Prosecution: Democrat says Trump’s lawyers misrepresented the scientist’s argument

House accountability leaders spent much of the opening session undermining one of the most important arguments of former President Donald J. Trump’s attorneys: that the lawsuit itself is unconstitutional.

Democrats stated early on that the president can be brought to justice even if they commit crimes in office, even if they no longer serve. This power, they say, is necessary to hold presidents accountable for violations committed in their last weeks and to avoid responsibility by resigning.

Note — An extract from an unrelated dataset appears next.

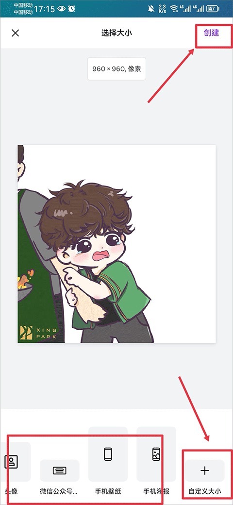 3、在相册中选择照片,调整大小后点击创建。

Most jurists, including some leading Conservatives, agree that a former president can be brought to justice even after he leaves the Senate, a point that Democrats have captured in their remarks. Colorado representative Joe Neguse noted that Brian Kalt, a lawyer who has been cited several times by Trump’s attorneys, has publicly disputed the portrayal of a legal journal article on the subject of persecution of former officials.

“Very badly they falsify what I wrote” tweeted Mr. Kalt, Professor of Law at Michigan State University. “My article presented all the evidence I found on both sides, so they had to use a lot of things fairly. They didn’t have to be that way and they were misleading.

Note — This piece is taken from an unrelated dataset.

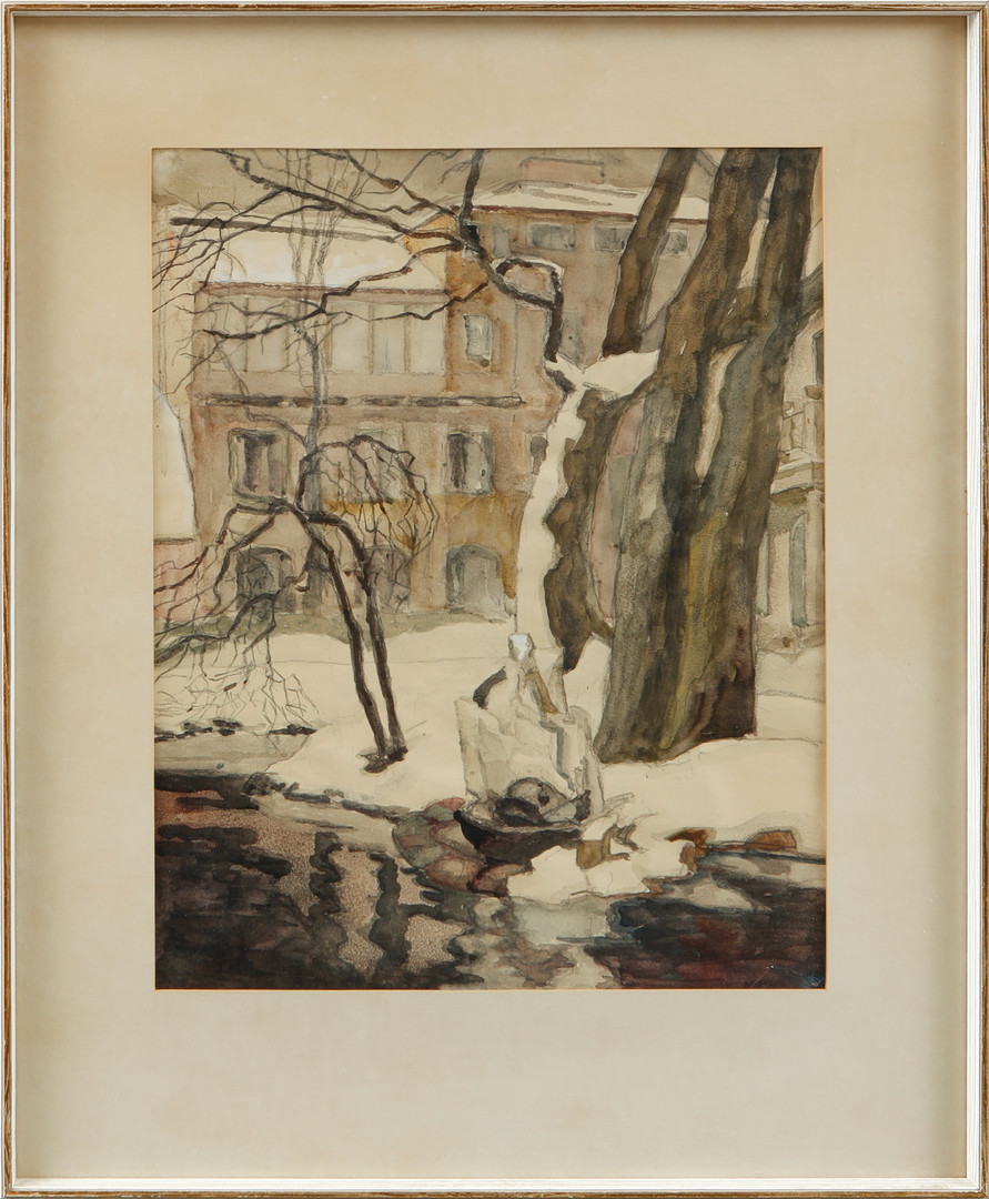 4309980. ERIK LAMM. Vinterbillede med husfacader, akvarel, signeret.

Mr. Trump’s attorneys cite Mr. Kalt’s article 15 times in their presentation on defense of prosecution. His work is an exhaustive analysis of accountability after leaving office, which ultimately concludes that there is a well-founded historical, legal, and constitutional basis for such action. Last month, Mr Kalt was one of more than 170 constitutional scholars who signed a letter arguing that the former president could be convicted in a prosecution proceeding even though he was no longer in office.

“Professor Kalt’s position – which they should have known because it is quoted briefly in the article – is that removal” is not the only end to prosecution, “said Mr. Neguse. “

“This key constitutional scholar, relied on by President Trump, has laid the groundwork for it,” Mr. Neguse told the Senate.

Almost all Senate Republicans voted in the proceedings last month, arguing that the constitution forbids bringing a former president to justice. The decision, which focuses on the process, will allow Republicans and the president’s lawyers to avoid the narrower political issue of Mr. Trump’s role in inciting the January 6 attack on the Capitol.